Secondly in that comparison was the fact that the 2000 cycle version was done at 3.76C, while the 9000 cycle version went as high as 23C current rates. I had heard many times that high power output of a cell reduced cell life. I have never been able to muster any observation to support that, but was vaguely ok with it as it "sounded like it made sense." The implication in this test, not totally proved but certainly there in the data, no problem with high current levels.
The other thing that jumped out was that on the SAME driving cycle A, there was a hugish difference between 23 degrees centigrade and 35 degrees centigrade. And the direction CONTRAVENED everything I've seen written about the effects of temperature on cycle life. All my OWN observations in testing show a battery working better in all respects at higher temperatures of 35 or 40 degrees centigrade, so my question was, "why then would cycle life be shorted from higher temperatures." Something short term ought to be "worse" at 35 or 40 degrees if those temperatures are bad long term.

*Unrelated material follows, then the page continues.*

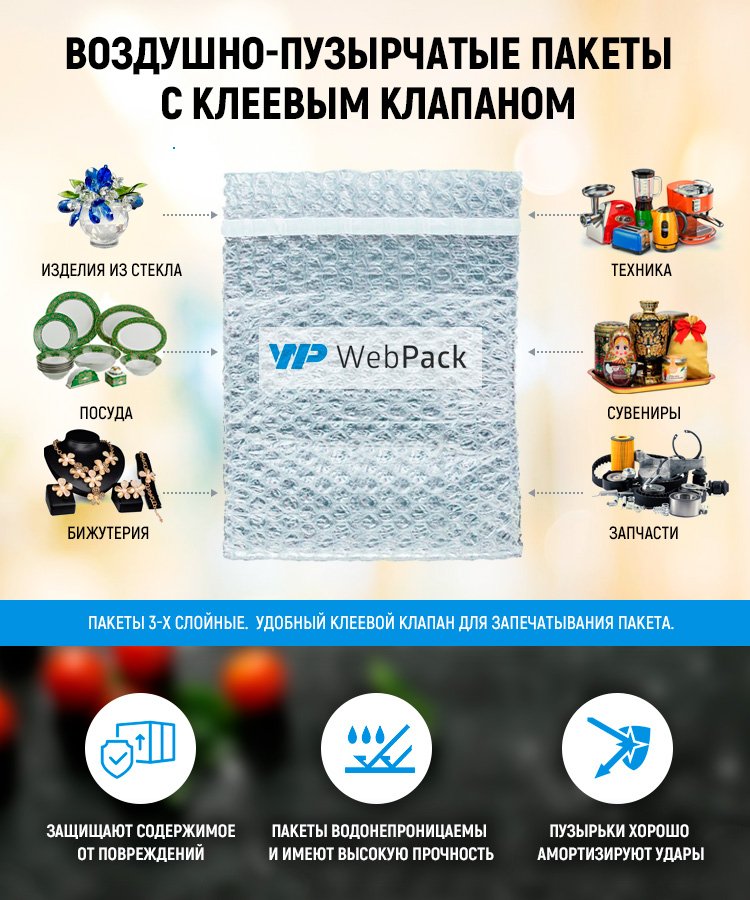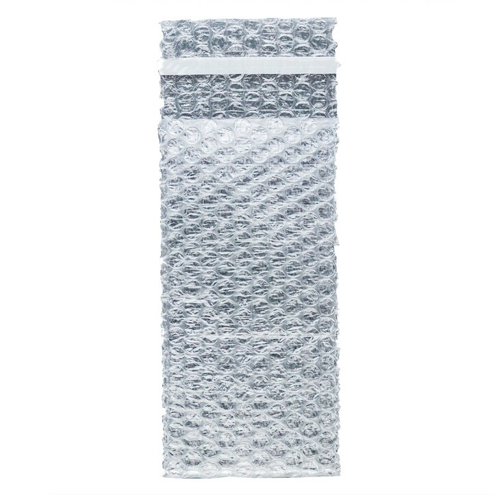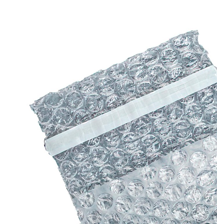 - Воздушно-пузырчатые пакеты с клеевым клапаном, состоящие из трёх слоев (полиэтилен + слой с пузырьками + полиэтилен), 10x24 см + 5 см клапан.

Well apparently not. Same for same, he got LONGER cycle life from 35 centigrade than from 23.
Why does all this matter?
Operating procedures. How should you charge your cells. How far should you discharge them. Should you cool them if they get hot? Should you heat them if they get cold? And the answers matter. If you are using cell capacity, to cool cells so they will last longer, when they will actually last longer hot, you not only lose cycle life from the lower temperature, but also from the use of energy from the cell to cool it. You get a double debit in EXACTLY the opposite result your are attempting to achieve, with additional weight and complexity in your car to do a dumb thing.

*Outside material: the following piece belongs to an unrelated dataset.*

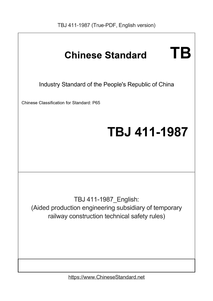 Delivery: <= 6 days. True-PDF full-copy in English will be manually translated and delivered via email. TBJ411-1987: (Aided production engineering subsidiary of temporary railway construction technical safety rules) Status: Obsolete

At the same time, it might make sense that the reverse situation is also true, when in fact it can be totally false. We DO know that cells too cold when charged are damaged. So the yin and yang and logical ones and zeros that are attempted in online discussions because they "make sense" just are not the basis for cell care. You can't really thought experiment your way into "logical" results. Every operation must be related at least to a working THEORY and the results should be both observable and reproducible. The cells are what they are.
Why am I excited? Because every time we touch one of these cells we learn something new. In fact, in every case where someone ELSE touches one of these cells, we learn something new - if they follow some basic methodologies and accurately report their observations.

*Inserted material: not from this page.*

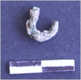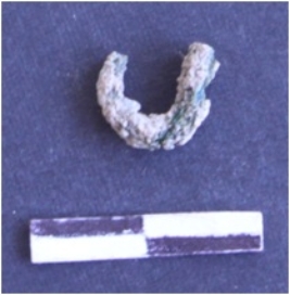 | Description / विवरण | It is a broken fish hook fragment curved from the center, badly corroded and greenish in color. |

I was kind of egregiously reminded this past week that some of the online poseurs unfortunately will get so wed to a position that they will actually and quite deliberately present "observations" never made nor ever possible to make to support their theory. It is true I suffer fools with exceptionally poor grace. Even quite publicly.
But beyond that, we live in an exciting time. These energy storage devices are modern day miracles and indeed appear miraculous to me BECAUSE we do not fully understand them. The process of gleaning little bits of information on them a tiny bit at a time is actually very intensely pleasurable to me personally. And it implies a future of vastly improved energy storage - totally silent, without emissions, with no moving parts. Not just cars, but flight, levitation, all things become plausible as we learn to store and retrieve usable energy in useful amounts at the atomic level. It is the true promise of "atomic energy." And I get kind of jazzed up at that. When I consider what an unfathomable amount of data can now be stored on a tiny thunb drive so small I lose it IN my pocket, at a price of less than $20 the concept of energy storage on the same scale is just explosive. Literally. Cranial detonations. I can't get my head around it.
And so just a brief peek into my ongoing and very passionate love affair with batteries. For me, they are a peephole glimpse into the very land,,, the shadow of the fingertips.... of God.